Records excerpted from a collection >>
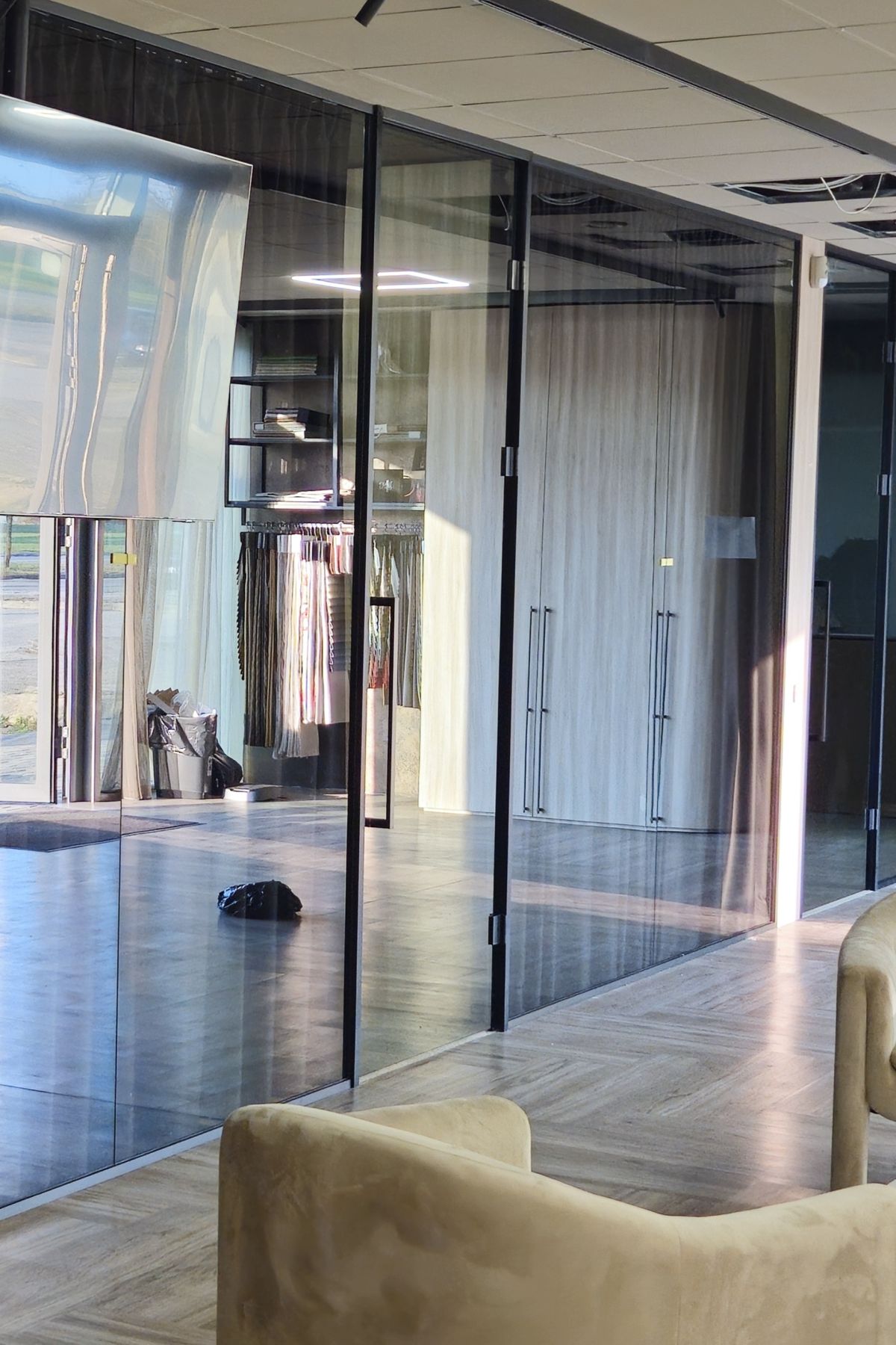 – Įvairias stiklo pertvaras komercinėms bei gyvenamojo būsto erdvėms;
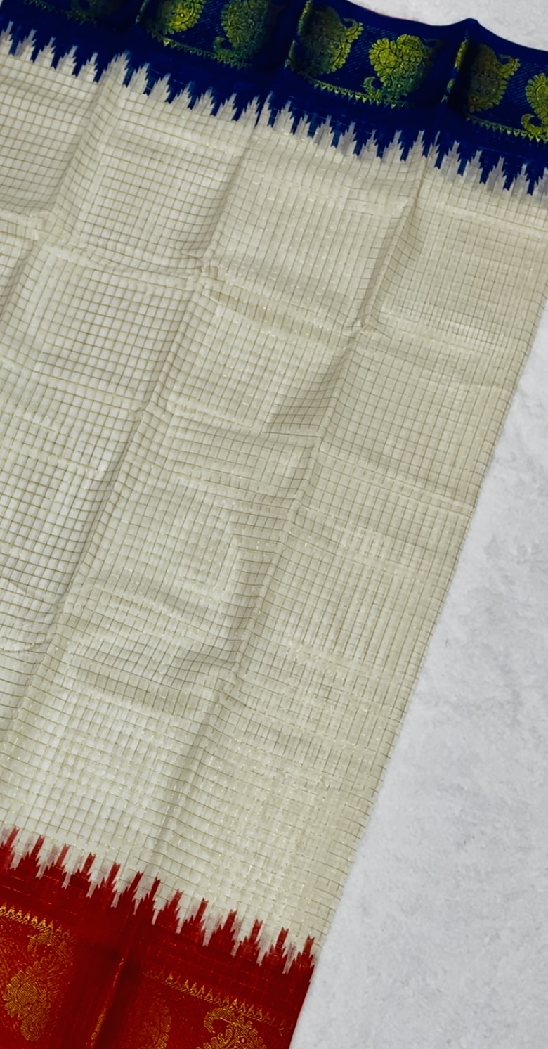 A soft off-white Madurai cotton saree, perfect for everyday casual wear.
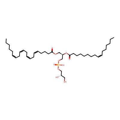 | CCSBASE_60F94FE7CD | PG(36:4) | [M+Na]+ | 793.5 | 281.0 | CCCCCCCCCCCCCCCCCC(=O)O[C@H](COC(=O)CCCC/C=C\C/C=C\C/C=C\C/C=C\CC)COP(=O)(O)OC[C@H](CO)O | Lipids and lipid-like molecules | 1 | 5 | TW | calibrated with phosphatidylcholines (ESI+) and phosphatidylethanolamines (ESI-) | |
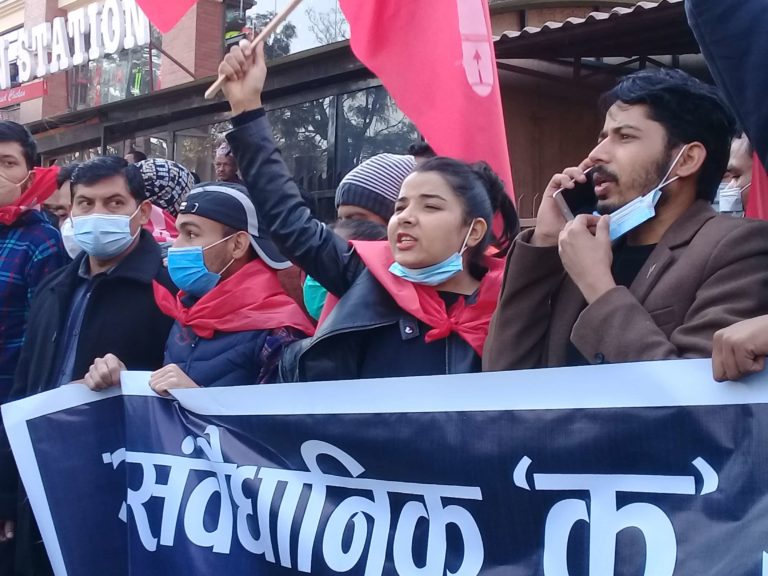 प्रतिनिधिसभालाई बिघटनको अवस्थामा लाने प्रधानमन्त्री केपी शर्मा ओलीको कदमको विरोधमा नेकपाको प्रचण्ड समूहले आन्दोलन शुरु गरेको हो । ओलीको कदमले नेकपा विभाजन भएको छ ।-फाइल तस्बिर
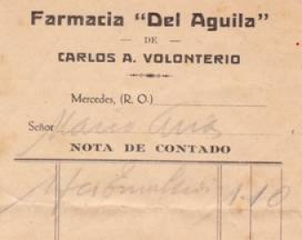 Y trasladándonos hacia el norte cambiamos y tomamos la calle Colón encontrando en aquella época a la conocida Farmacia “Del Aguila” de Carlos A. Volonterio, que sobre su puerta de entrada lucía la figura en material de dicha ave rapaz.
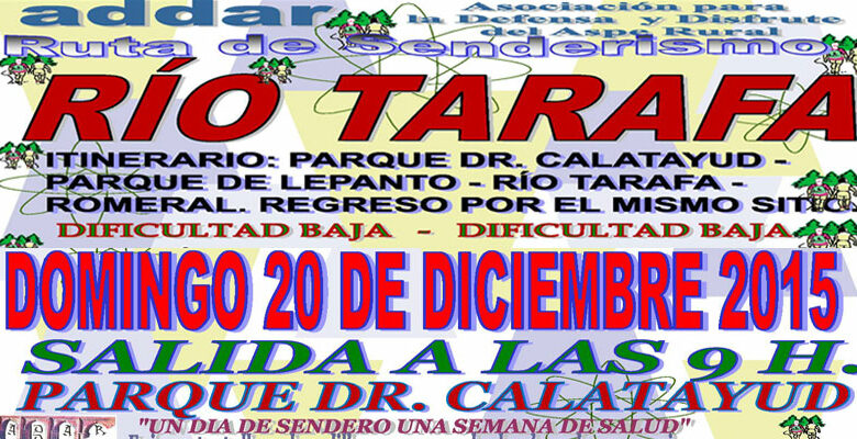 ADDAR organiza este domingo una salida senderista por el río Tarafa que partirá del parque Doctor Calatayud a las 9 de…
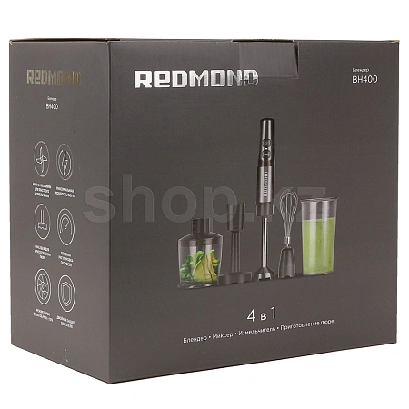 Защитная технология приостанавливает работу прибора во избежание перегрузки и перегрева двигателя. Блендер Redmond BH-400 комплектуется 4 насадками, в том числе для приготовления пюре.

PROBLEM TO SOLVE >>
With the pictures omitted, give every line above again exactly.

THE ANSWER >>
 – Įvairias stiklo pertvaras komercinėms bei gyvenamojo būsto erdvėms;
 A soft off-white Madurai cotton saree, perfect for everyday casual wear.
 | CCSBASE_60F94FE7CD | PG(36:4) | [M+Na]+ | 793.5 | 281.0 | CCCCCCCCCCCCCCCCCC(=O)O[C@H](COC(=O)CCCC/C=C\C/C=C\C/C=C\C/C=C\CC)COP(=O)(O)OC[C@H](CO)O | Lipids and lipid-like molecules | 1 | 5 | TW | calibrated with phosphatidylcholines (ESI+) and phosphatidylethanolamines (ESI-) | |
 प्रतिनिधिसभालाई बिघटनको अवस्थामा लाने प्रधानमन्त्री केपी शर्मा ओलीको कदमको विरोधमा नेकपाको प्रचण्ड समूहले आन्दोलन शुरु गरेको हो । ओलीको कदमले नेकपा विभाजन भएको छ ।-फाइल तस्बिर
 Y trasladándonos hacia el norte cambiamos y tomamos la calle Colón encontrando en aquella época a la conocida Farmacia “Del Aguila” de Carlos A. Volonterio, que sobre su puerta de entrada lucía la figura en material de dicha ave rapaz.
 ADDAR organiza este domingo una salida senderista por el río Tarafa que partirá del parque Doctor Calatayud a las 9 de…
 Защитная технология приостанавливает работу прибора во избежание перегрузки и перегрева двигателя. Блендер Redmond BH-400 комплектуется 4 насадками, в том числе для приготовления пюре.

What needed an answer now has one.